Education Minister M.A. Baby inaugurated the event. In his inaugural address, the Minister said that Kerala was the first Euro-Asian region to fully embrace free software. He said that the State has achieved commendable gains in expanding the usage of free and open source software.

“Through a government decision, we have made it mandatory to use free software in Kerala’s school curriculum.

These initiatives have resulted in conducting examinations for 16 lakh students using the open source platform,” Mr. Baby said.

Stating that broadband connectivity was ensured for all high schools in the State, the Minister said the State was moving from IT education and training to ICT-enabled education.

He said that the Department of Culture has already decided to donate the contents of the Malayalam encyclopaedia to Malayalam wikipedia.

The Department of Information Technology has also decided to set up an international centre for free software in the State.

“I hope that our honourable Chief Minister will make the declaration [about the centre] tomorrow,” the Minister said.

Praising the scientists at the Indian Space Research Organisation (ISRO) for the success of the Chandrayan project, Mr. Baby said the country has joined the fraternity of four nations which had achieved this fete before.

CPI(M) Polit Bureau member Sitaram Yechury has urged the Prime Minister Manmohan Singh to implement the proposals given by the Left parties to save the country’s economy from the current global financial crisis.

Delivering the inaugural address at a plenary session on ‘global financial crisis and its impact on the IT sector’, Mr. Yechury said that a newspaper had reported that the Prime Minister had given in writing all the proposals of the Left that he had rejected earlier, as India’s suggestions at the G-20 summit.

“Come back to India and implement the proposals. We are not taking the credit, but telling you that if you have done more on what we have said, the impact would have been less,” he said.
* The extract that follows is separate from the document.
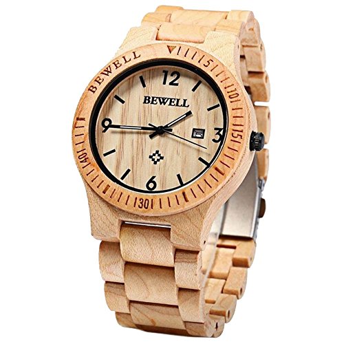Specification: BEWELL Men Luxury Natural Wood Watch Auto Date Maple Wooden Watches Bamboo Wristwatch
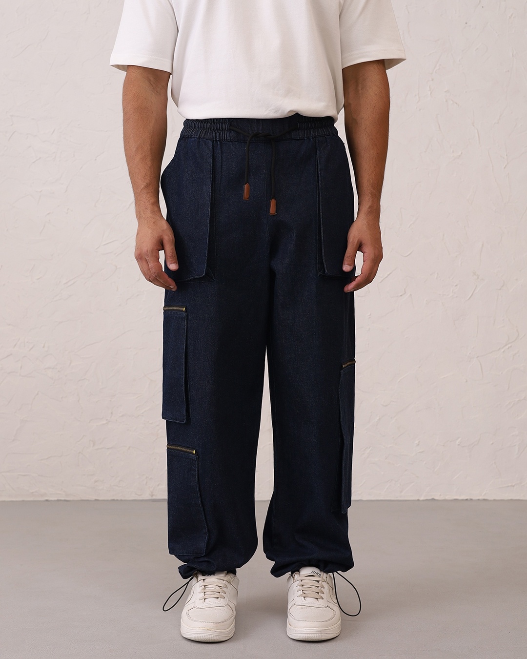 Men's Navy Blue Oversized Cargo Parachute Pants

In his keynote address on the occasion, Finance Minister T.M. Thomas Isaac said that democratisation of science and technology field has become an integral part of the class struggle.
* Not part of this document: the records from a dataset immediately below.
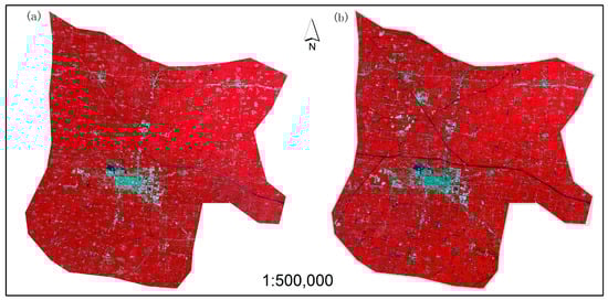 Landsat 8 OLI images of Chengwu County: (a) image in 2013; and (b) image in 2015.
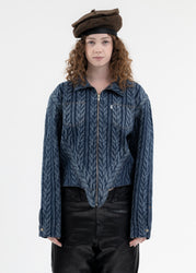 Oversized long sleeve denim jacket constructed from a stonewashed grey denim. Features an extended body length with a classic button-down closing, enlarged chest pocket details, side hand pockets, and side hem adjustable fasteners. The dropped shoulder area of the garment is constructed with large panel that builds into the sleeve that can be worn in numerous ways, hidden behind or overtop the front, creating a larger than life layered silhouette.
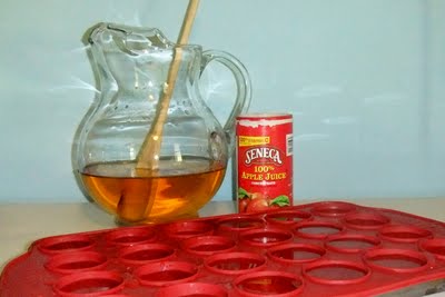 OK, so I don't really go to this much trouble or make this many at one time - it's a photo op! What I really do is pour some prepared juice in little 3 oz. plastic cups I get at the Dollar Store (50 for a $1.00), pop them in the freezer, and voila! Kirby really doesn't care how I make them as long as I make them.

He said that the struggle to make information technology free from being a private property has become a political struggle.

Pointing out that the full potential of science and technology revolution cannot be realised unless there is a change in the system, Dr. Isaac said that a realistic picture of getting out of the current global financial crisis might evolve only by 2011.

In his message telecast at the venue using the video-conferencing technology, V.R. Krishna Iyer, former Supreme Court judge, said that free software has ended the monopoly of multinational companies in the IT sector. He said the common people had every right to communicate using free software. “Free software is going to have a new world that will produce lasting peace for the entire mankind,” he said. Gangan Prathap, vice chancellor of Cusat, A.M. Yousuf, MLA, Y. Kiranchandra, convener of Swecha, an organisation promoting free software, G. Nagarjuna, chairman of Free Software Foundation of India, Joy Job Kulavelil, syndicate member and general convener of the event, and K. Babu Joseph, former vice chancellor of Cusat, spoke.